When a tagger runs against a video (5 sampled frames) or an archive
(every page), monbooru merges per-frame scores into a single set of
tags per image. The tagger.aggregation.min_hit_fraction TOML knob
(default 0.05) controls how many frames a label must score above the
threshold on to survive the merge: the cutoff is
clamp(ceil(min_hit_fraction × frame_count), 2, 10). A single noisy
hit on a 200-page manga is not enough; the same label appearing on 10+
pages does survive. Set the knob to 0 to revert to "any single hit
wins". Static images are unaffected (always single-frame).
Each tagger row has a Galleries column with a Configure button. Tick "All galleries" so the tagger fires on every gallery (default). Tick individual galleries to restrict it to just those - useful when one gallery holds anime work and another holds photos and you don't want WD14 firing on the photos.
Drop a dispatch.json next to the tagger's model.onnx to remap a
label to another category, rename it, or drop it entirely. The shipped
defaults are at internal/tagger/dispatch_default/<tagger>.json.
Schema:
{
"version": 1,
"rules": [
{ "source": "monochrome", "category": "medium" },
{ "source": "artist_name", "category": "meta" },
{ "source": "ugly_label", "category": "" },
{ "source": "twitter_username","category": "meta", "name": "twitter" }
]
}sourcematches the raw label the model emits.categoryis the destination category name. An empty string drops the label entirely.name(optional) renames the tag on insertion; empty keeps the source name. The renamed value is run through the tag-name allowlist before storage.
The overlay applies on top of the embedded default for the same tagger: same-source entries replace the default, new sources append. Rules pointing at a category that does not exist on the gallery are skipped with a debug log; the embedded default for that source survives the failed override.
The default image is CPU-only (~210 MB). For GPU inference, switch to
the -cuda image (~2.3 GB), pass the GPU into the container the usual
way, then enable Settings → Auto-Tagger → Use GPU (CUDA) (or set
MONBOORU_TAGGER_USE_CUDA=true). GPU makes batch auto-tagging a lot faster.
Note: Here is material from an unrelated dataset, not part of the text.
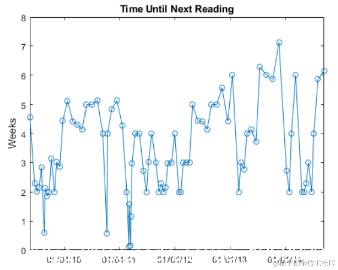 每次INR读数确定何时必须对患者进行测试。使用diff构建测量之间的时间间隔的向量。以周为单位表示间隔,并使用与以前相同的x轴绘制它们。

The current mode is shown as a badge.
Worker count is configurable from Settings → Auto-Tagger or
tagger.parallel in TOML (default 4); raise it on GPU if preprocessing
becomes the bottleneck.
The very first GPU inference on a new host pays a one-time
JIT-compilation cost, which takes a few minutes during the first inference. The
compiled kernels are cached under <data_path>/.nv-cache/; every
restart after that loads them in ~2 s. The cache can be set explicitly
with the standard CUDA_CACHE_PATH env var if you want it elsewhere.
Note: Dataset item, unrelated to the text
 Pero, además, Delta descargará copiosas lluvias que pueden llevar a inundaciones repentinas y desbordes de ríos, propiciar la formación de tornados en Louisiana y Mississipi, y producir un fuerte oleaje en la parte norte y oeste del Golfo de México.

Mount the data path on a persistent volume so the cache survives
container recycles.
The model stays loaded for 15 minutes after the last run, then unloads
to free memory. Tune via Settings → Auto-Tagger → Tagger RAM/VRAM
idle release (minutes) or tagger.idle_release_after_minutes in
TOML; 0 releases immediately after every run.
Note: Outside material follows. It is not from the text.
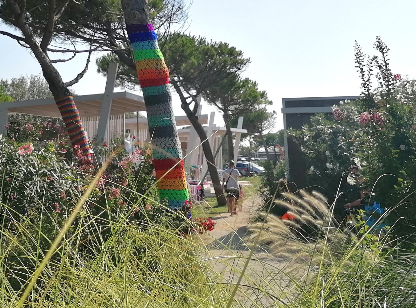 “e quindi uscimmo a riveder le stelle” è un progetto di yarn bombing che declina, negli spazi dell’accoglienza open air, l’arte del croket come mezzo creativo per riappropriarsi degli spazi comuni e avvolgere con il colore e la bellezza gli spazi urbani. In questo caso è usato per veicolare e rafforzare il legame con la natura preesistente, creando, attraverso l’arte, un legame empatico, diretto ed emotivo. I primi “bombardamenti” all’uncinetto, opera di Fabiola Floris, avvolgono i tronchi dei pini marittimi, lungo il viale di accesso al mare.

By default the tagger runs in a forked subprocess (tagger-worker)
that the parent supervises - idle release SIGTERMs the child so the
kernel reclaims the CUDA libraries and the ONNX Runtime arena. The
parent's RSS stays at the no-tagger baseline between runs regardless
of how long the model stayed loaded. To run inference in the parent
instead, set MONBOORU_TAGGER_BACKEND=inproc before launch.